Robert R. McGill, Esquire

Medical Retirement for Federal Workers: Responsibility of the Applicant

In preparing, formulating and filing a Federal Disability Retirement application under FERS or CSRS, the importance of adequately conveying persuasive information to the Claims Representative at the Office of Personnel Management must be a primary goal of the Federal or Postal employee.  

Rarely does a doctor, without guidance and some “prodding”, execute an administrative duty such as preparing a medical narrative report for a patient, in a sufficiently excellent manner.  The work product of a doctor is normally defined by patient care, clinical examination, and prescribing an effective course of treatment.  It is up to the patient or his/her Federal Disability Attorney to remind the doctor as to “why” it is important to provide a medical narrative report in a Federal Disability Retirement application.  

Often, it is merely that the doctor does not understand the necessity of preparing a narrative report; or, as confusing as the entire administrative process of preparing a Federal Disability Retirement application is to the Federal or Postal employee, it is exponentially more confusing to the doctor, who is normally not part of the Federal workforce (unless he or she happens to be a doctor for the Department of Veterans Affairs, or is part of the Veterans Health Care System).  

It is ultimately the responsibility of the Federal or Postal employee to convey persuasive evidence and argumentation to the Office of Personnel Management, in order to meet that burden of proof, of showing that by a preponderance of the evidence the Federal or Postal employee has proven that he or she is eligible for Federal Disability Retirement benefits. While medical records, treatment notes, office notes, etc., can often be persuasive on their own, the applicant must be able to formulate a statement and refer to “the law” in order to convince the OPM Representative that his or her case meets that burden of proof.

Sincerely, Robert R. McGill, Esquire

Postal and Federal Disability Retirement: Supporting the Concept

In preparing, formulating and filing a FERS or CSRS Federal Disability Retirement application, the important first step in the “preparation” phase — or, one might even term it conceptually as the “pre-preparation phase” — is to engage the treating doctor with the conceptual framework of what Federal Disability Retirement entails and encompasses.  

As has been repeated many times previously in other blogs, doctors are not administrators, and ultimately detest the need to annotate, narrate, write reports, etc.  The legal system has forced doctors to keep records, if only for their self-protection in the event of a question of malpractice, and the requirement of keeping office records and notes has had the positive corollary effect of forcing doctors to “think through” the procedural steps of what it is that they are “doing”.  

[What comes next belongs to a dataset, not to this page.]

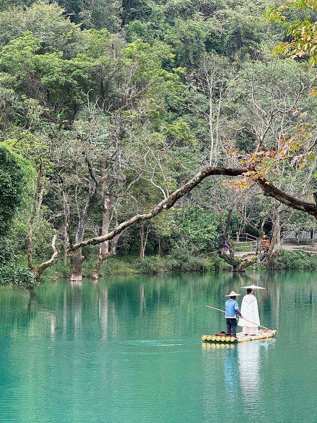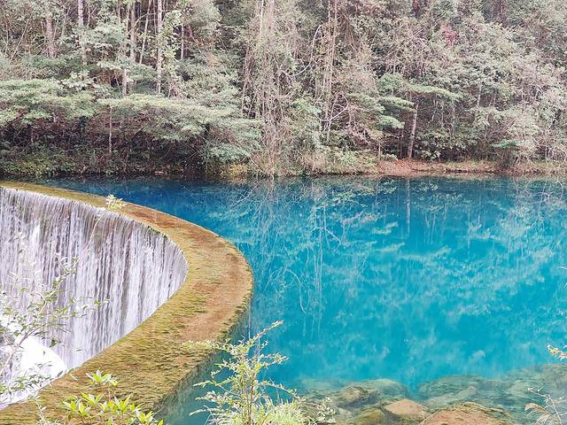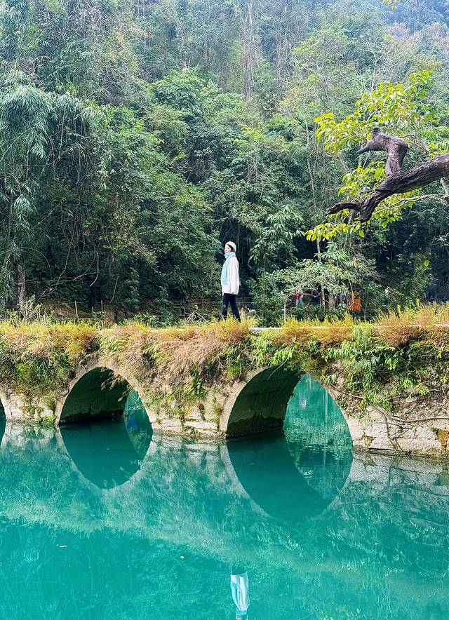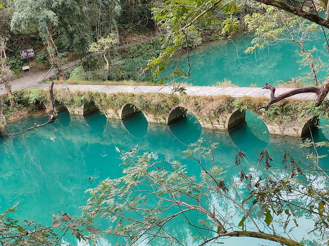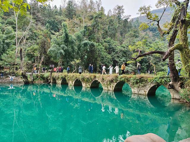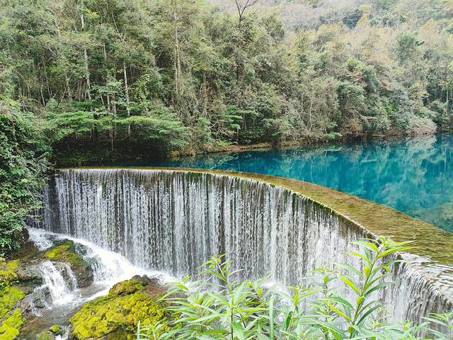 小七孔位于荔波县,”荔波“——多么动听的名字。这个地球腰带上的绿宝石,因为有了幽绿的樟江和生态保存最完好且绝无仅有的喀斯特地貌而得名。景区内河水碧绿,清澈见底,成群的鱼儿游动在水中,清晰可见,快活自在。再加上地势变化,形成的一道道大大小小的瀑布,发出叮叮咚咚、滴滴答答的声音,给整个景区平添了不少趣味。

Requesting the treating doctor to support a Federal Disability Retirement application has the identical positive result of forcing the doctor into an admission that one’s medical condition has come to a crossroads:  prior treatment modalities have not proven to be effective; the chronic and progressively deteriorating nature of the physical or psychiatric condition has shown to be “treatment-resistant”; the time has come to acknowledge that a different mind-set must be embraced — one which includes a period of rest, restorative time, and a stage of recuperation away from the activities which the Federal or Postal employee spends on average 40 – 50% of the time at:  one’s job.  

Speaking to the doctor about his or her support and role in preparing a Federal Disability Retirement application is the first, necessary, and vital step in the preparation, formulation and filing of a Federal Disability Retirement application under either FERS or CSRS.  How best to approach the doctor, the timing, the words and concepts to use, etc., are all part of that preparation.  

If it is time for the Federal or Postal worker to recognize that one’s medical conditions are preventing the Federal or Postal worker from performing one or more of the essential elements of one’s job, it is time to think about pre-preparing the treating doctor.